I will attempt to answer this question, having done my best to recreate your circumstances. This is not ideal because I don't have a copy of your Excel file, and most importantly, I don't know the Excel data types of cells B2 and B3. Whether they are General, Date, or Text affects what data type they are imported into R as by read_excel(). Any of the above that you can provide will help me give a more accurate explanation of your output.
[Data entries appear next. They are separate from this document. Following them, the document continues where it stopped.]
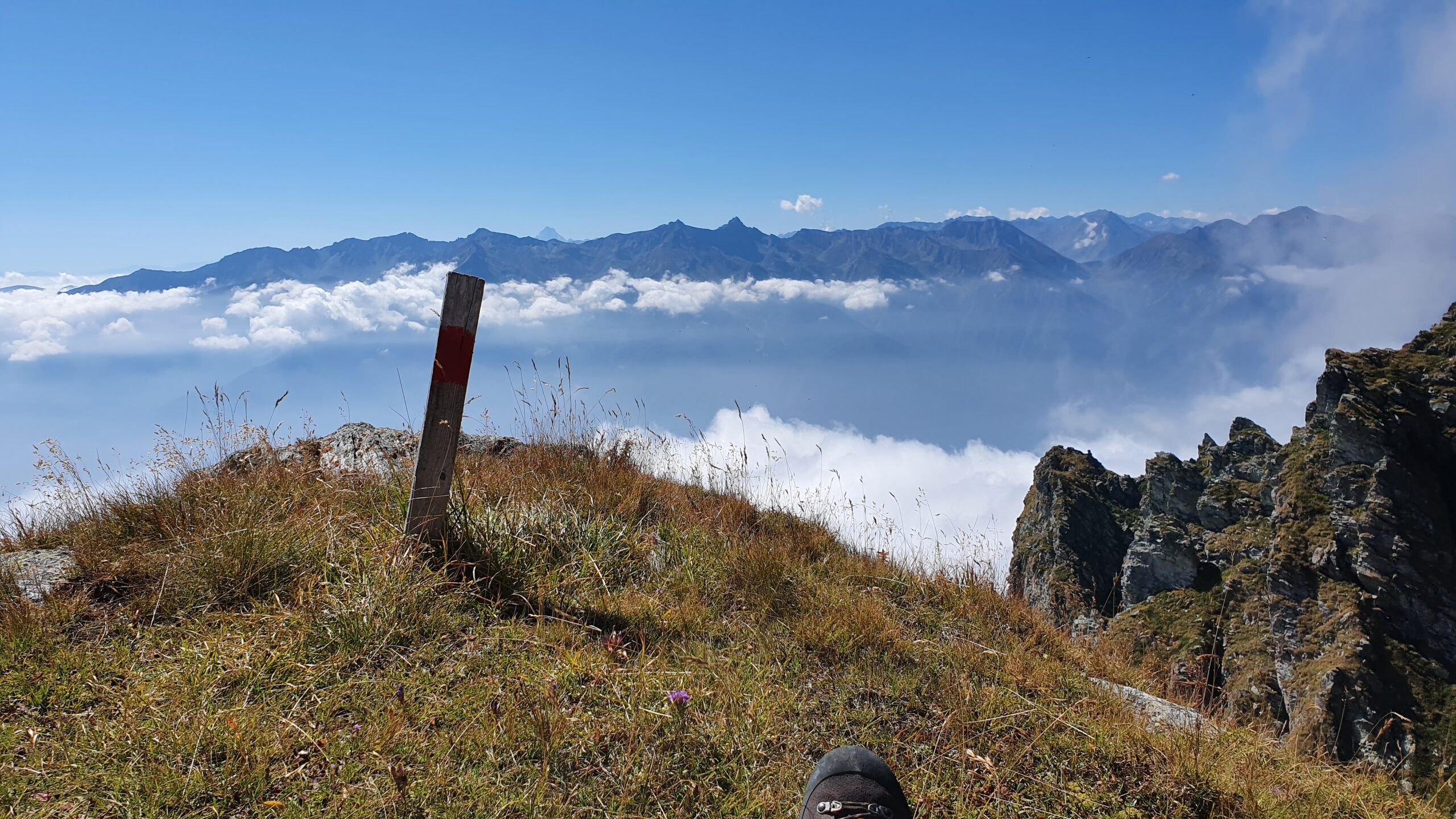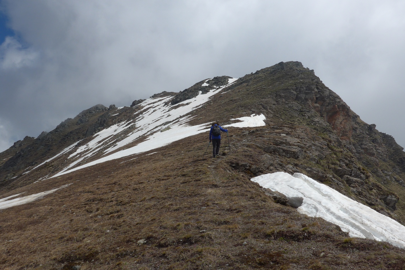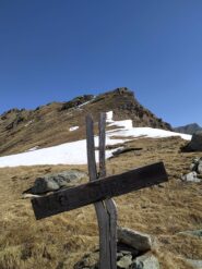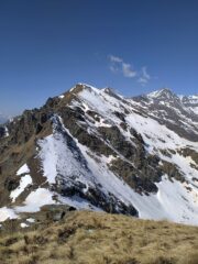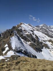 Dal colle si procede a sinistra, seguendo l’ampia ed evidente mulattiera che si inerpica prima sul pendio detritico, e poi quando il pendio diventa una cresta rocciosa, il sentiero traversa in basso sul versante nord (cautela con neve in quanto un passaggio di 20 m è un po’ esposto) risalendo un intaglio che porta nuovamente in cresta, scollinando sul versante della Val di Susa. Si continua senza alcuna difficoltà sul sentiero fino ad un promontorio erboso: qui si può decidere se proseguire integralmente sulla dorsale erbosa (percorso molto panoramico) che senza ostacoli conduce in cima, oppure continuando lungo il sentiero gta contornando dal basso il pendio erboso, e quindi una volta raggiunta la verticale della cima, si sale liberamente il breve pendio erboso, un po’ ripido, toccando la vetta 2620 m.
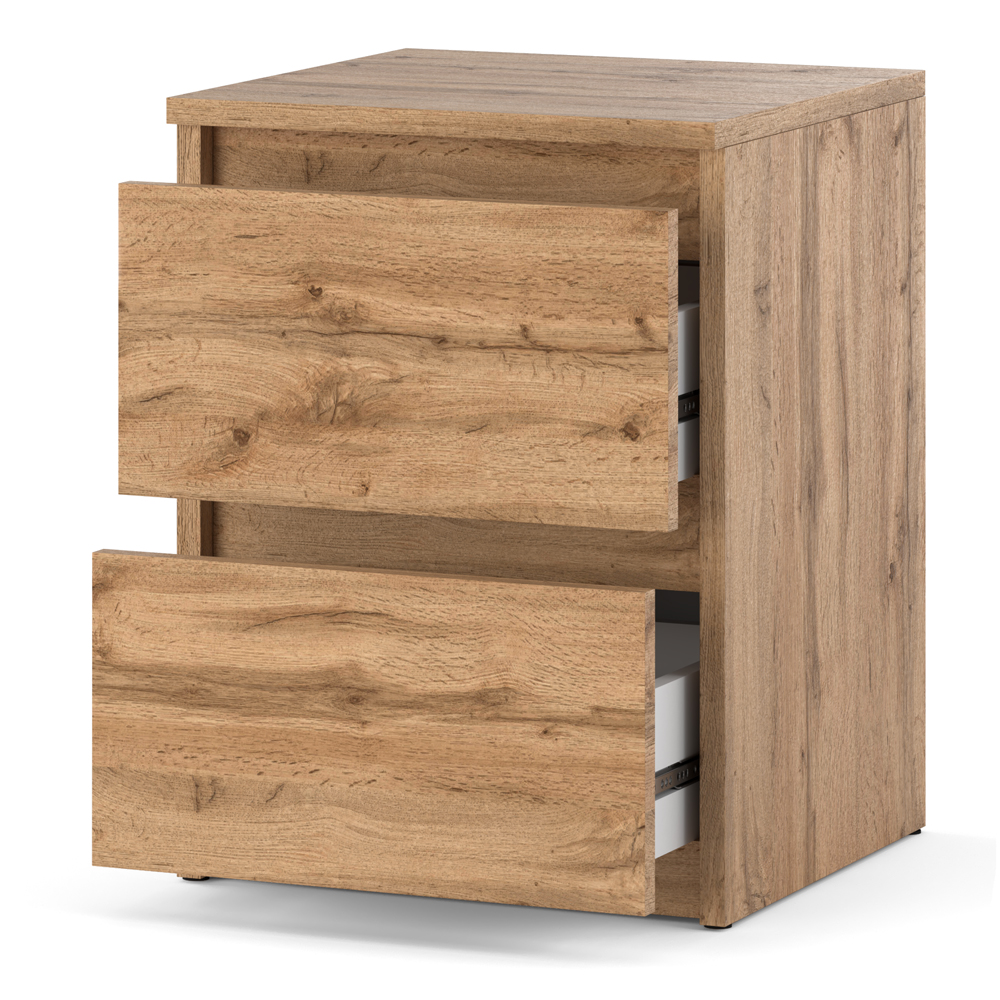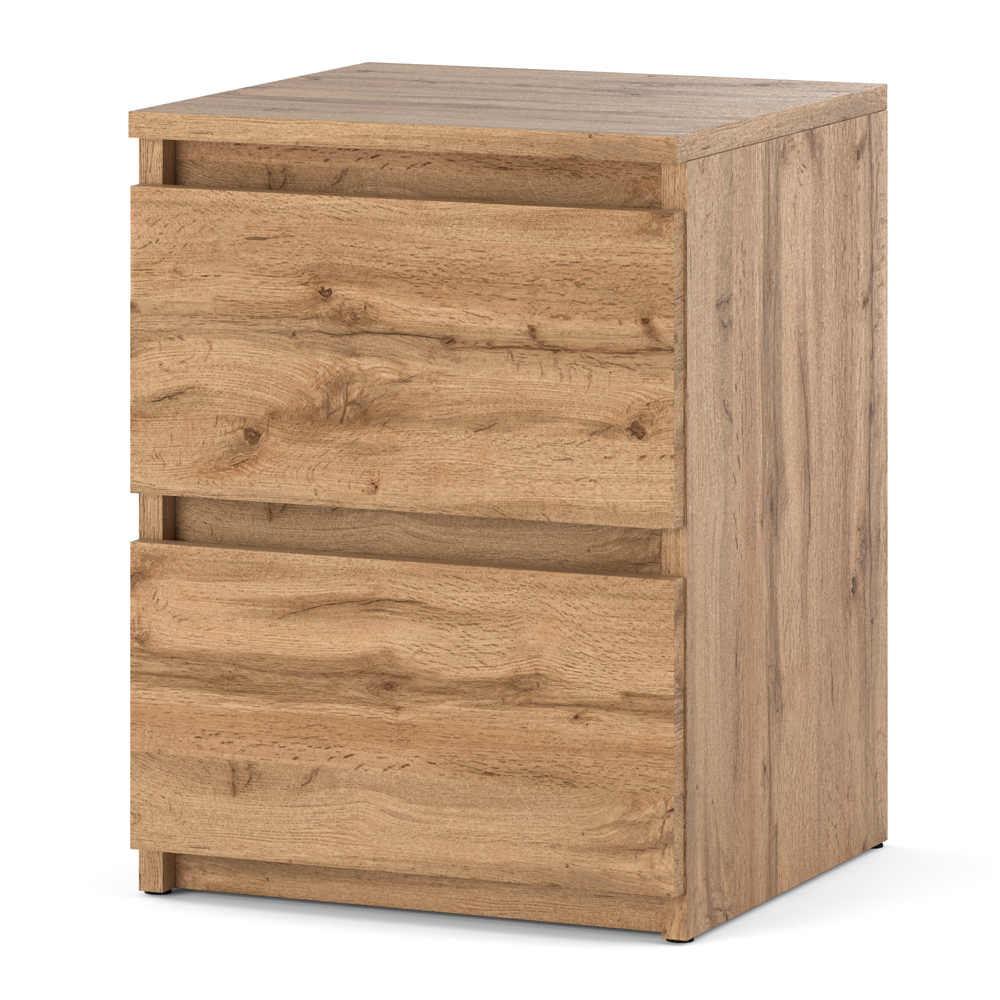 Szafka Nocna 2 Szuflady HUGO Stolik Dąb Wotan Biały Połysk
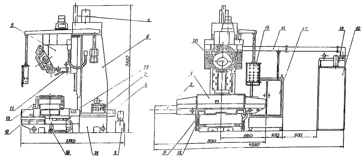 Розташування складових частин вертикально-фрезерного верстата МА-655. Дивитись у збільшеному масштабі
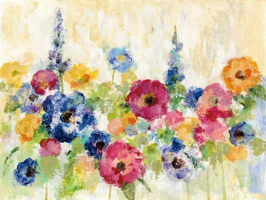 Sunshine Field Flowers White Modern Wood Framed Art Print with Double Matting by Vassileva, Silvia
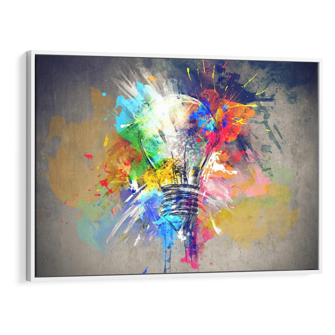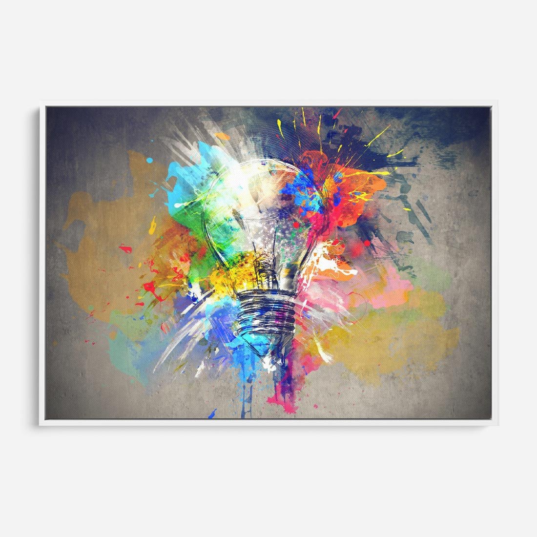 Obraz w ramie 100x70 - Kolory Kreatywnej Koncepcji - abstrakcyjna grafika, szkic żarówki - rama biała
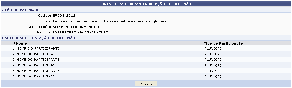 Caso queira retornar à tela anteriormente gerada, clique em Voltar. Esta mesma função será válida
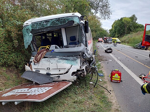 Na silnici I/35 u Cerekvice nad Loučnou došlo k nehodě autobusu a osobního auta. Na místě bylo devět zraněných lidí. (18. září 2025)
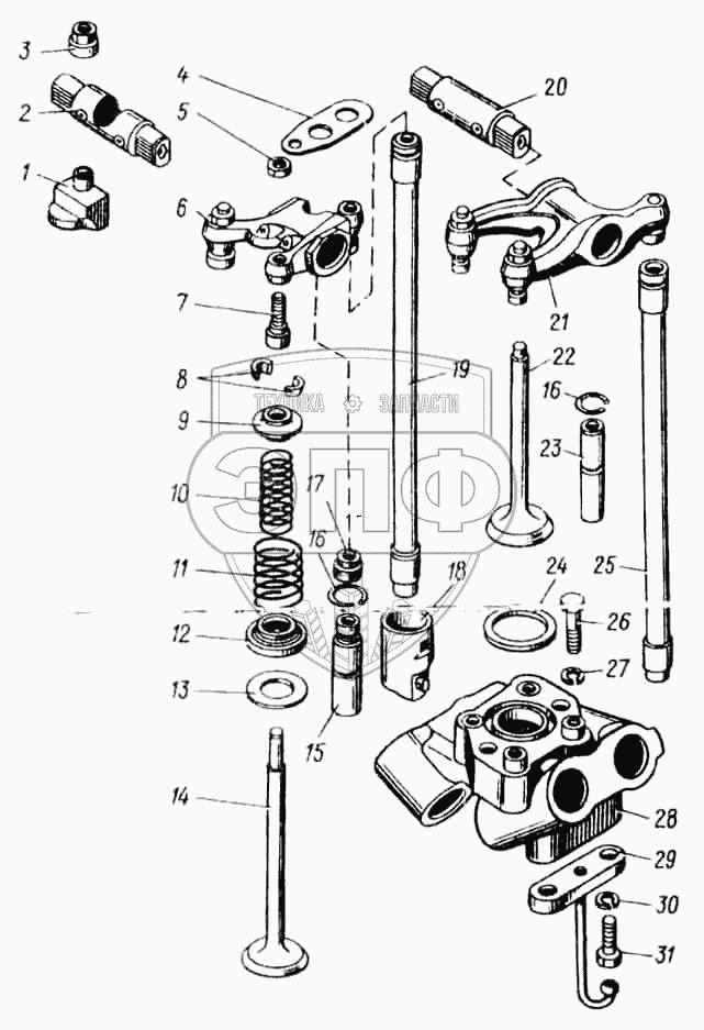 Каталог запасных частей к технике: ЯМЗ-8423. Клапаны и толкатели
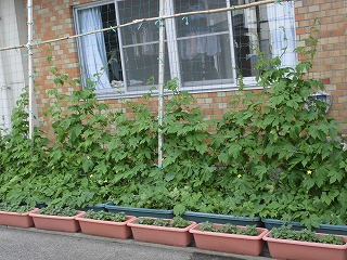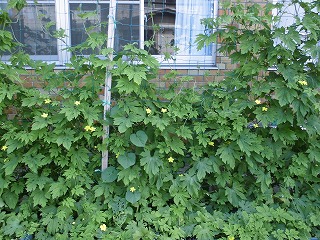 グリーンカーテンも大きくなってきました。 緑色が涼しく感じさせます。
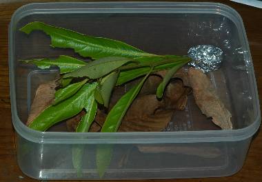 (参考) 飼育の様子 2004年7月25日 神奈川県横浜市港北区日吉産 大阪市淀川区飼育 餌のマテバシイの若い葉と蛹化のための枯葉を一緒に密閉容器に入れています。ふたは一部を軽くしている程度です。若い葉がしおれないようにある程度湿度を保つようにするためにわずかに開けてあります。閉めすぎると湿気がたまりすぎるように思います。 トップページへ |
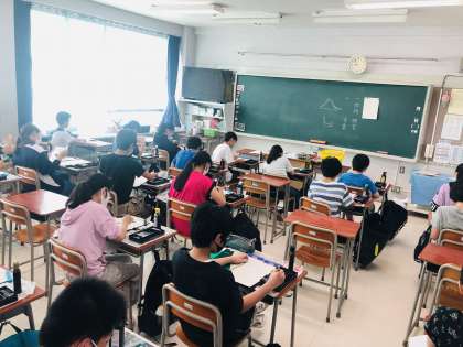 月曜日から始まった学習支援日には、1時間目から多くの生徒が各教科の学習に取り組んでいます。あるクラスでは、今日は書道です。久々に持つ筆に少し緊張しながらも頑張っています。
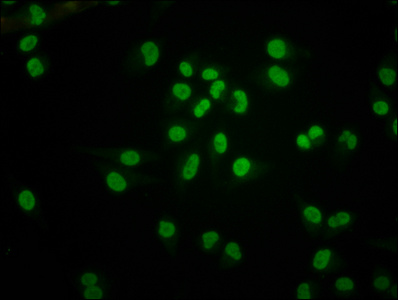 Immunofluorescence staining of Hela cells with CSB-PA010429OA05nbhbHU at 1:1, counter-stained with DAPI. The cells were fixed in 4% formaldehyde, permeabilized using 0.2% Triton X-100 and blocked in 10% normal Goat Serum. The cells were then incubated with the antibody overnight at 4°C. The secondary antibody was Alexa Fluor 488-congugated AffiniPure Goat Anti-Rabbit IgG(H+L).
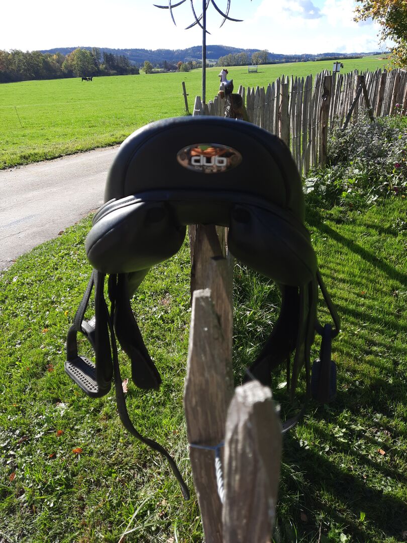 tyvärr läder skadat vid den bakre pommel ( se bilder ) ; det är därför det är så billigt
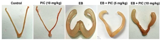 Effect of piceatannol SNEDDS on uterine morphology in rats treated with estradiol benzoate. Gross images of rat uteri collected after four weeks of treatment with estradiol benzoate (0.6 mg/kg) in the absence or presence of piceatannol SNEDDS (5 or 10 mg/kg). EB is estradiol benzoate, PIC is piceatannol, SNEDDS is self-nanoemulsifying drug delivery system.
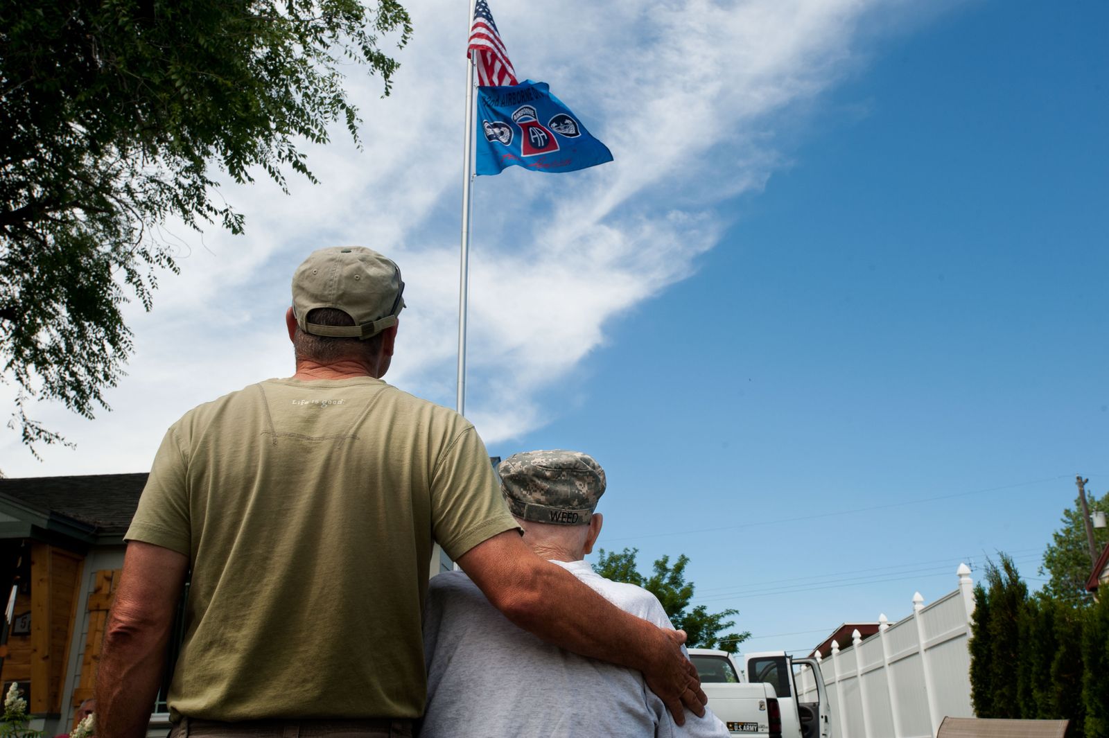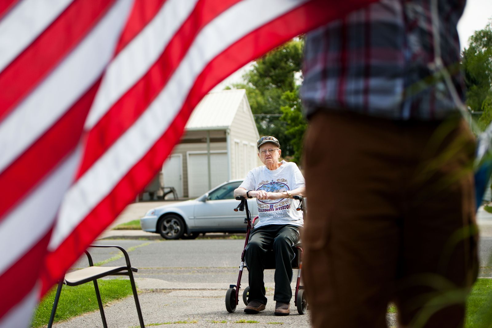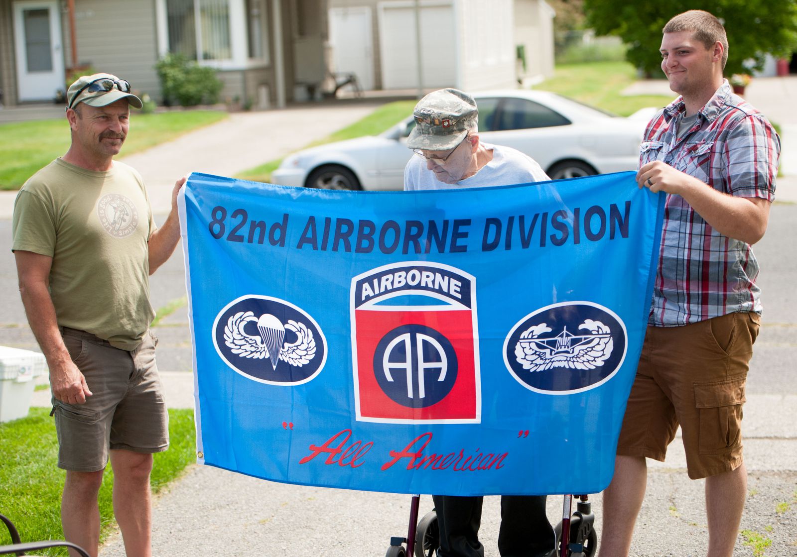 95-year-old Jerry Weed, watches as his son Bill and grandson Tyler erect American and 82nd Airborne flags in his honor on Friday, July 4, 2014, in Spokane, Wash. The Sr. Weed served with the 82nd Airborne in World War II and jumped with them in the D-Day invasion of Normandy, France. Jerry’s grandson Tyler currently serves in the U.S. Army Reserve.

I created an imitation of your file by typing in the values that I see above by hand. I observed the following, and am making the assumption that these things are true for your file as well:

  • Cell B2 was interpreted by Excel as a valid date (April 7, 1949) and was automatically assigned the Date type
  • Cell B3 could not be interpreted by Excel as anything other than just text, since it does not represent a valid date or numeric value, and so was kept as the default General type

Moving now to what happens in R: Because column B contains at least one cell that cannot be interpreted as anything other than text (cell B3), read_excel() guessed that the entire column should be treated as character (text) data. This behavior avoids data loss; if it had guessed differently and applied a date type, cell B3 would have to be NA (a blank/missing value), and information that you had before would not have made it into your data.frame.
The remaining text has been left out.